RECORDS FOR PROCESSING ::
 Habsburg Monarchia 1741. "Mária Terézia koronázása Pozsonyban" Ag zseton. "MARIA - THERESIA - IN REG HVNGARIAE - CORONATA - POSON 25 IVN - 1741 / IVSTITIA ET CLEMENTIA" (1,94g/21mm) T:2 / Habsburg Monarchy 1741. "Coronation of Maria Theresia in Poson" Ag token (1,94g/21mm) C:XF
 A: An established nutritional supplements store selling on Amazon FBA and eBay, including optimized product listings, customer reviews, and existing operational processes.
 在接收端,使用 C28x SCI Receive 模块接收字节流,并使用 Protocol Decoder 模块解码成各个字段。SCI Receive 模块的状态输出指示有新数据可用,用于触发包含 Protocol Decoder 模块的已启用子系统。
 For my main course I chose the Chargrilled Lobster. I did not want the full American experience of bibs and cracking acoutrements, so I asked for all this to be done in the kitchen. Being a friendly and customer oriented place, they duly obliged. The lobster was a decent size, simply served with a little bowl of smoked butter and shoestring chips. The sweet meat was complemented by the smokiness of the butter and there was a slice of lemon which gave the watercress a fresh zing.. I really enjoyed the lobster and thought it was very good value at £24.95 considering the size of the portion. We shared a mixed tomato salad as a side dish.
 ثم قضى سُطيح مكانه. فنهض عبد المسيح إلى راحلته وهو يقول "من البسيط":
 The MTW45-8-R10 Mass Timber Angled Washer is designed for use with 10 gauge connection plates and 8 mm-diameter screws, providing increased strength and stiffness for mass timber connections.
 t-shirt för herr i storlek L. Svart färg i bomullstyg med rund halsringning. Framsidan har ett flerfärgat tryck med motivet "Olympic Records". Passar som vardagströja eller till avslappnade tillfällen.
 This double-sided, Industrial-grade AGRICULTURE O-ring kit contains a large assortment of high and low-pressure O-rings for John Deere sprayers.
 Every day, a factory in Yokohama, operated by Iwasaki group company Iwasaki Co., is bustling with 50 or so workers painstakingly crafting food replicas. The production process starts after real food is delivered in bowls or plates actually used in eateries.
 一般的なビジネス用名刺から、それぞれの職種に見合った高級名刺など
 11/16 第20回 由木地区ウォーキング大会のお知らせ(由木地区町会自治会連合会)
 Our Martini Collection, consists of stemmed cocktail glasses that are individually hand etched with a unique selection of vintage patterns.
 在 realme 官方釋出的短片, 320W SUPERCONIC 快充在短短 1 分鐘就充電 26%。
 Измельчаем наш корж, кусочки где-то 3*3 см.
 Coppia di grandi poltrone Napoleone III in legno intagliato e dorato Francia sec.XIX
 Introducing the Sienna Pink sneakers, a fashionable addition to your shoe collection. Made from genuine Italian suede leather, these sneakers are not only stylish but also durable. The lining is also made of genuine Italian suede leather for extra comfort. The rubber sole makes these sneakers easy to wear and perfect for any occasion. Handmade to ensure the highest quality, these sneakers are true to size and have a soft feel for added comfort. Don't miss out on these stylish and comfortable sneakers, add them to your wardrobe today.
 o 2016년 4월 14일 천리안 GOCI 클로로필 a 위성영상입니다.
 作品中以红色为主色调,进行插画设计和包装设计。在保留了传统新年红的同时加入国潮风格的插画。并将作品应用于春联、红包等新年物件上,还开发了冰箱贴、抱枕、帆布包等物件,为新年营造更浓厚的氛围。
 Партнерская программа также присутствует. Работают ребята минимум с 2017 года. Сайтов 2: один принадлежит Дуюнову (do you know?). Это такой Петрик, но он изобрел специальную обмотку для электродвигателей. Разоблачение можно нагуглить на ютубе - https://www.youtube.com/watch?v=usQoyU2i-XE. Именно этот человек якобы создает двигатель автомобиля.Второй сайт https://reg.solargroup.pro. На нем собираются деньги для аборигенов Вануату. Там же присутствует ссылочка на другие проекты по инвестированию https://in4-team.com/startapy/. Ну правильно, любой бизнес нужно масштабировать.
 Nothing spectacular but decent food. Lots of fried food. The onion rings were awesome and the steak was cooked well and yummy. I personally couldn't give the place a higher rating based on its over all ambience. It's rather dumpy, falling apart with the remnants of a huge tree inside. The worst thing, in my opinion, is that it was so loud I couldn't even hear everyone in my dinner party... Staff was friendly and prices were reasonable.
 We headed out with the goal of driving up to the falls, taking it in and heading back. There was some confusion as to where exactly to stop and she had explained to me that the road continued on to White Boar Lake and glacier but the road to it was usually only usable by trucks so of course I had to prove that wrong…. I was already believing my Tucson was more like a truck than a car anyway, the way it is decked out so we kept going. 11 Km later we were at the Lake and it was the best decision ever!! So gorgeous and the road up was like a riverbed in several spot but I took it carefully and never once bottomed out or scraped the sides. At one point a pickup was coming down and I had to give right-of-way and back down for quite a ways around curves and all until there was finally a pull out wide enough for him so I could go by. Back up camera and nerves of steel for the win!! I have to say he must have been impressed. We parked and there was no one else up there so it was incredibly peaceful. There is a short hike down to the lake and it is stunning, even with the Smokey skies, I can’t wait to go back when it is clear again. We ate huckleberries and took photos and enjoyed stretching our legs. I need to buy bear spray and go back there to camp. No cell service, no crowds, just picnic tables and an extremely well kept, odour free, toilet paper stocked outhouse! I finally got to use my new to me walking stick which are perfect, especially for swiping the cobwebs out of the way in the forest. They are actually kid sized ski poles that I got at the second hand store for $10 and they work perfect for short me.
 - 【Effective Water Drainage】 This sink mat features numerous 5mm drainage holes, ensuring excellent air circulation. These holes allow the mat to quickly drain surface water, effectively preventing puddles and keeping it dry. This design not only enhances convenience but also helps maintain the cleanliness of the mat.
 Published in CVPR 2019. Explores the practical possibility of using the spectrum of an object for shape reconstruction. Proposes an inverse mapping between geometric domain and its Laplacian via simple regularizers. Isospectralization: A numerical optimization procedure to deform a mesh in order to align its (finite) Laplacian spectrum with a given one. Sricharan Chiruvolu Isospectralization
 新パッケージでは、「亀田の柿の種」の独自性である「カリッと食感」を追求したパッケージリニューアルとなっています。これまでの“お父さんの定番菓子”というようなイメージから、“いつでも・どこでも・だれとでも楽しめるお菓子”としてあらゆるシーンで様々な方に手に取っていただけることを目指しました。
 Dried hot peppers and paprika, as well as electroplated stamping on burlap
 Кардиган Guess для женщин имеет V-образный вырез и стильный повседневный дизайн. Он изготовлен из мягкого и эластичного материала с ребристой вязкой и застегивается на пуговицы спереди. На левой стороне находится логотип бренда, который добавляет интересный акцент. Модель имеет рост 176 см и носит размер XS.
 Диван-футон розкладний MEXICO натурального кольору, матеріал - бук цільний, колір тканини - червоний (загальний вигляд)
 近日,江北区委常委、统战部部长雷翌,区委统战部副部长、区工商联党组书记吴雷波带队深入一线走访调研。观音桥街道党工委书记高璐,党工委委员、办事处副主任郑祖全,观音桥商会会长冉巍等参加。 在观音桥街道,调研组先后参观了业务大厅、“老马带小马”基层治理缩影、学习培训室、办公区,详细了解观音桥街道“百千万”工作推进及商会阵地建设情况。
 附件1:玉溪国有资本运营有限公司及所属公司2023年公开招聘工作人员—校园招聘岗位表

TASK STATEMENT :: Every line of the material should come back unchanged.

EXERCISE SOLUTION ::
 Habsburg Monarchia 1741. "Mária Terézia koronázása Pozsonyban" Ag zseton. "MARIA - THERESIA - IN REG HVNGARIAE - CORONATA - POSON 25 IVN - 1741 / IVSTITIA ET CLEMENTIA" (1,94g/21mm) T:2 / Habsburg Monarchy 1741. "Coronation of Maria Theresia in Poson" Ag token (1,94g/21mm) C:XF
 A: An established nutritional supplements store selling on Amazon FBA and eBay, including optimized product listings, customer reviews, and existing operational processes.
 在接收端,使用 C28x SCI Receive 模块接收字节流,并使用 Protocol Decoder 模块解码成各个字段。SCI Receive 模块的状态输出指示有新数据可用,用于触发包含 Protocol Decoder 模块的已启用子系统。
 For my main course I chose the Chargrilled Lobster. I did not want the full American experience of bibs and cracking acoutrements, so I asked for all this to be done in the kitchen. Being a friendly and customer oriented place, they duly obliged. The lobster was a decent size, simply served with a little bowl of smoked butter and shoestring chips. The sweet meat was complemented by the smokiness of the butter and there was a slice of lemon which gave the watercress a fresh zing.. I really enjoyed the lobster and thought it was very good value at £24.95 considering the size of the portion. We shared a mixed tomato salad as a side dish.
 ثم قضى سُطيح مكانه. فنهض عبد المسيح إلى راحلته وهو يقول "من البسيط":
 The MTW45-8-R10 Mass Timber Angled Washer is designed for use with 10 gauge connection plates and 8 mm-diameter screws, providing increased strength and stiffness for mass timber connections.
 t-shirt för herr i storlek L. Svart färg i bomullstyg med rund halsringning. Framsidan har ett flerfärgat tryck med motivet "Olympic Records". Passar som vardagströja eller till avslappnade tillfällen.
 This double-sided, Industrial-grade AGRICULTURE O-ring kit contains a large assortment of high and low-pressure O-rings for John Deere sprayers.
 Every day, a factory in Yokohama, operated by Iwasaki group company Iwasaki Co., is bustling with 50 or so workers painstakingly crafting food replicas. The production process starts after real food is delivered in bowls or plates actually used in eateries.
 一般的なビジネス用名刺から、それぞれの職種に見合った高級名刺など
 11/16 第20回 由木地区ウォーキング大会のお知らせ(由木地区町会自治会連合会)
 Our Martini Collection, consists of stemmed cocktail glasses that are individually hand etched with a unique selection of vintage patterns.
 在 realme 官方釋出的短片, 320W SUPERCONIC 快充在短短 1 分鐘就充電 26%。
 Измельчаем наш корж, кусочки где-то 3*3 см.
 Coppia di grandi poltrone Napoleone III in legno intagliato e dorato Francia sec.XIX
 Introducing the Sienna Pink sneakers, a fashionable addition to your shoe collection. Made from genuine Italian suede leather, these sneakers are not only stylish but also durable. The lining is also made of genuine Italian suede leather for extra comfort. The rubber sole makes these sneakers easy to wear and perfect for any occasion. Handmade to ensure the highest quality, these sneakers are true to size and have a soft feel for added comfort. Don't miss out on these stylish and comfortable sneakers, add them to your wardrobe today.
 o 2016년 4월 14일 천리안 GOCI 클로로필 a 위성영상입니다.
 作品中以红色为主色调,进行插画设计和包装设计。在保留了传统新年红的同时加入国潮风格的插画。并将作品应用于春联、红包等新年物件上,还开发了冰箱贴、抱枕、帆布包等物件,为新年营造更浓厚的氛围。
 Партнерская программа также присутствует. Работают ребята минимум с 2017 года. Сайтов 2: один принадлежит Дуюнову (do you know?). Это такой Петрик, но он изобрел специальную обмотку для электродвигателей. Разоблачение можно нагуглить на ютубе - https://www.youtube.com/watch?v=usQoyU2i-XE. Именно этот человек якобы создает двигатель автомобиля.Второй сайт https://reg.solargroup.pro. На нем собираются деньги для аборигенов Вануату. Там же присутствует ссылочка на другие проекты по инвестированию https://in4-team.com/startapy/. Ну правильно, любой бизнес нужно масштабировать.
 Nothing spectacular but decent food. Lots of fried food. The onion rings were awesome and the steak was cooked well and yummy. I personally couldn't give the place a higher rating based on its over all ambience. It's rather dumpy, falling apart with the remnants of a huge tree inside. The worst thing, in my opinion, is that it was so loud I couldn't even hear everyone in my dinner party... Staff was friendly and prices were reasonable.
 We headed out with the goal of driving up to the falls, taking it in and heading back. There was some confusion as to where exactly to stop and she had explained to me that the road continued on to White Boar Lake and glacier but the road to it was usually only usable by trucks so of course I had to prove that wrong…. I was already believing my Tucson was more like a truck than a car anyway, the way it is decked out so we kept going. 11 Km later we were at the Lake and it was the best decision ever!! So gorgeous and the road up was like a riverbed in several spot but I took it carefully and never once bottomed out or scraped the sides. At one point a pickup was coming down and I had to give right-of-way and back down for quite a ways around curves and all until there was finally a pull out wide enough for him so I could go by. Back up camera and nerves of steel for the win!! I have to say he must have been impressed. We parked and there was no one else up there so it was incredibly peaceful. There is a short hike down to the lake and it is stunning, even with the Smokey skies, I can’t wait to go back when it is clear again. We ate huckleberries and took photos and enjoyed stretching our legs. I need to buy bear spray and go back there to camp. No cell service, no crowds, just picnic tables and an extremely well kept, odour free, toilet paper stocked outhouse! I finally got to use my new to me walking stick which are perfect, especially for swiping the cobwebs out of the way in the forest. They are actually kid sized ski poles that I got at the second hand store for $10 and they work perfect for short me.
 - 【Effective Water Drainage】 This sink mat features numerous 5mm drainage holes, ensuring excellent air circulation. These holes allow the mat to quickly drain surface water, effectively preventing puddles and keeping it dry. This design not only enhances convenience but also helps maintain the cleanliness of the mat.
 Published in CVPR 2019. Explores the practical possibility of using the spectrum of an object for shape reconstruction. Proposes an inverse mapping between geometric domain and its Laplacian via simple regularizers. Isospectralization: A numerical optimization procedure to deform a mesh in order to align its (finite) Laplacian spectrum with a given one. Sricharan Chiruvolu Isospectralization
 新パッケージでは、「亀田の柿の種」の独自性である「カリッと食感」を追求したパッケージリニューアルとなっています。これまでの“お父さんの定番菓子”というようなイメージから、“いつでも・どこでも・だれとでも楽しめるお菓子”としてあらゆるシーンで様々な方に手に取っていただけることを目指しました。
 Dried hot peppers and paprika, as well as electroplated stamping on burlap
 Кардиган Guess для женщин имеет V-образный вырез и стильный повседневный дизайн. Он изготовлен из мягкого и эластичного материала с ребристой вязкой и застегивается на пуговицы спереди. На левой стороне находится логотип бренда, который добавляет интересный акцент. Модель имеет рост 176 см и носит размер XS.
 Диван-футон розкладний MEXICO натурального кольору, матеріал - бук цільний, колір тканини - червоний (загальний вигляд)
 近日,江北区委常委、统战部部长雷翌,区委统战部副部长、区工商联党组书记吴雷波带队深入一线走访调研。观音桥街道党工委书记高璐,党工委委员、办事处副主任郑祖全,观音桥商会会长冉巍等参加。 在观音桥街道,调研组先后参观了业务大厅、“老马带小马”基层治理缩影、学习培训室、办公区,详细了解观音桥街道“百千万”工作推进及商会阵地建设情况。
 附件1:玉溪国有资本运营有限公司及所属公司2023年公开招聘工作人员—校园招聘岗位表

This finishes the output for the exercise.